Understood, let me put together an example
Failing to reproduce. Will open an issue again with the sample if I mange to reproduce.
Thank you
As I just closed, I managed to reproduce:
A reproducible example can be found at: https://github.com/patpatpat123/springvaultcve
After running the command, this is always reproducible: mvn clean install dependency:tree -X
[INFO] --- dependency-check-maven:7.0.4:aggregate (default) @ vaxholm ---
[INFO] Checking for updates
[INFO] Download Started for NVD CVE - Modified
[INFO] Download Complete for NVD CVE - Modified (6101 ms)

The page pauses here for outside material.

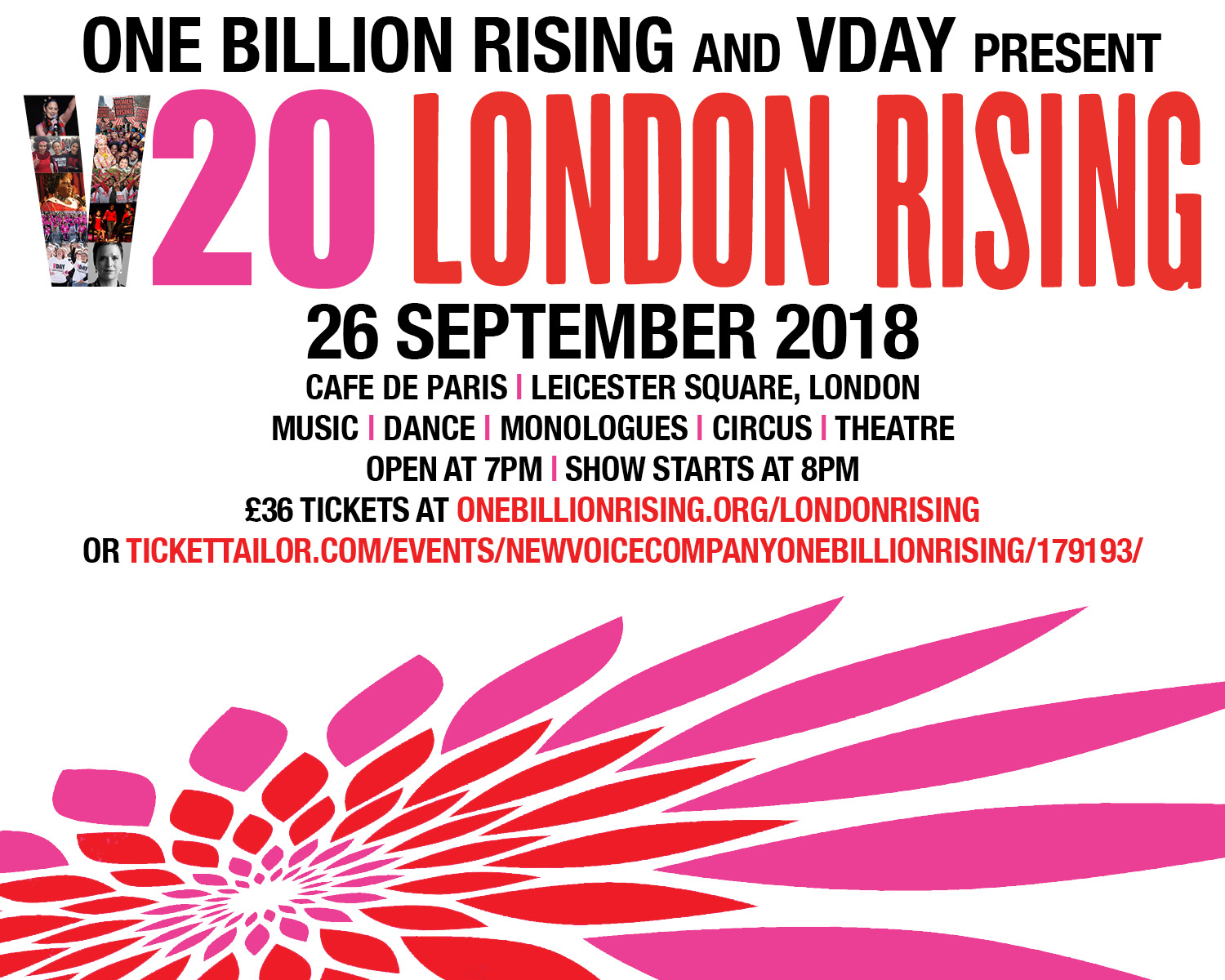 To mark the 20th anniversary of The Vagina Monologues and V-Day, One Billion Rising and V-Day are calling on activists in London to Rise, Resist, and Unite for a special evening at Café De Paris on 26 September.

[INFO] Processing Started for NVD CVE - Modified
WARNING: An illegal reflective access operation has occurred
WARNING: Illegal reflective access by com.fasterxml.jackson.module.afterburner.util.MyClassLoader (file:/Users/me/.m2/repository/com/fasterxml/jackson/module/jackson-module-afterburner/2.13.2/jackson-module-afterburner-2.13.2.jar) to method java.lang.ClassLoader.findLoadedClass(java.lang.String)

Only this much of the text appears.